Bei den Indianern gab es eine Sage, der zufolge die Bucht von San Francisco einst ein Süsswassersee gewesen sei; aber bei einem Erdbeben habe sich das Küstengebirge geöffnet, das Meer sei in's Land geströmt, und seitdem habe die Bay ihre gegenwärtige Gestalt. Das überschüssige süsse Wasser sei durch die Thäler von San José und Santa Clara nach Süden hin abgeflossen und in der Bucht von Monterey dem Ocean zugeströmt.

Die Stadt San Francisco, der wichtigste Hafenort und der bedeutendste Handelsplatz an der gesammten Westküste Amerika's, war noch nicht vorhanden, als die Nordamerikaner die alte Hauptstadt der Azteken eroberten und „ in Montezuma's Hallen Tafel hielten“. Da, wo nun mehr als 70,000 Menschen wohnen, standen im Anfange des Jahres 1848 einige Lehmhütten. Das grosse Emporium liegt in einer keineswegs angenehmen oder fruchtbaren Gegend, nahe der nordöstlichen Spitze der oben erwähnten Halbinsel (37° 48' N. Br., 122° 25' W. L.), zwischen sandigen Hügeln, aber die Rücksicht auf den Handelsverkehr und die Seeschifffahrt war bei der Gründung massgebend. Zwei Miles östlich von der Stadt liegt die kleine Insel Yerba buena; diesen Namen führte auch das armselige Dorf, welches der prächtigen Stadt Platz gemacht hat. Wir gehen hier auf eine Schilderung der letzteren nicht ein, weil wir gelegentlich San Francisco als Welthandelsstadt näher zu behandeln gedenken, und bemerken nur, dass der Geldwerth ihrer jährlichen Ausfuhren jenem von New-York nicht nachsteht. San Francisco is the point! schrieb Robinson vor zehn Jahren in seinem oben erwähnten Buche, und der spürende Yankee hat das Richtige getroffen.
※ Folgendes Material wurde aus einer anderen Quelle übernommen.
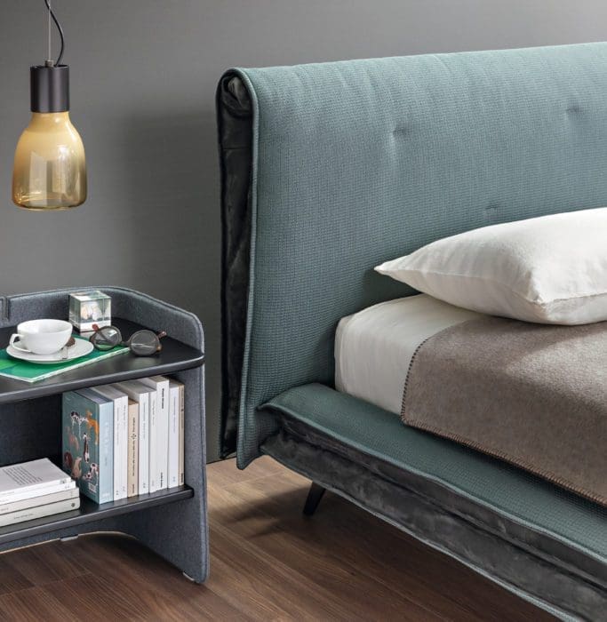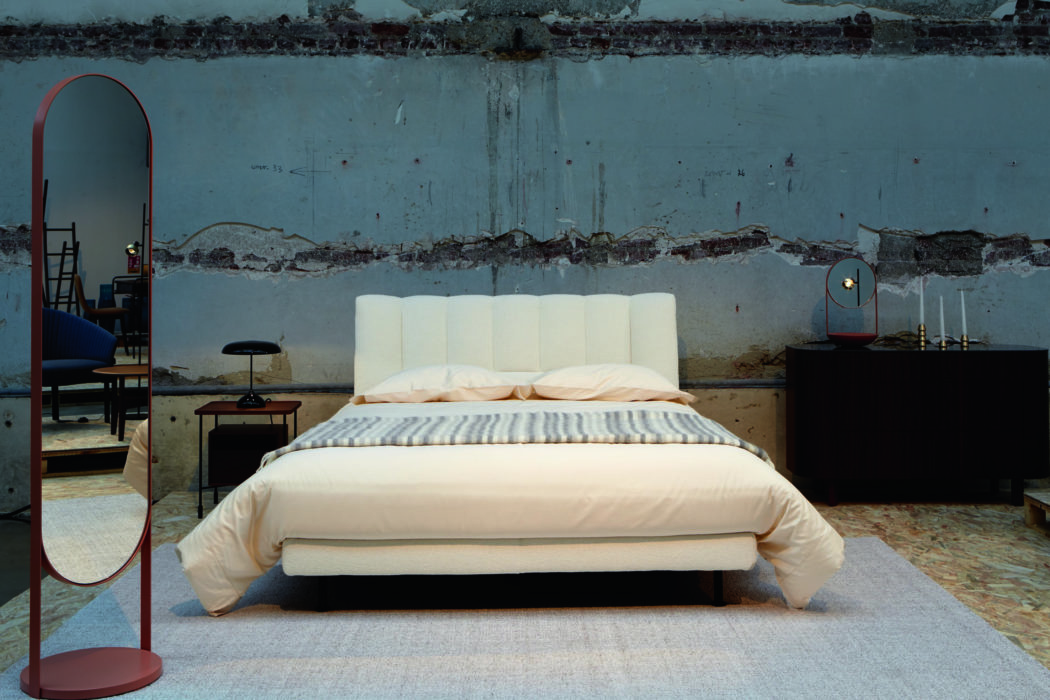 06 – Texturé. Lit « Saddle », revêtement déhoussable en tissu, insert central en cuir, pieds en métal, H100 x L180 x P238 cm (pour un matelas de 160 x 200 cm), design Giuseppe Viganò, à partir de 3 060 €, Bonaldo.

Zu den interessantesten Thälern in der Nähe des grossen Wasserspiegels gehört das Thal des Napa, eines kleinen Flusses, welcher von Norden her in die San Pablo-Bay fällt. Bartlett hat dasselbe im März 1852 besucht und beschrieben '). Er fand dasselbe von einigen

') Personal Narrative of Explorations and Incidents in Texas, New Mexico, California, Sonora and Chihuahua, connected with the United States and Mexican Boundary Commission, during the years 1850, 51, 52 and 53. By John Russell Bartlett. New York 1854. Vol. II, p. 13 ff.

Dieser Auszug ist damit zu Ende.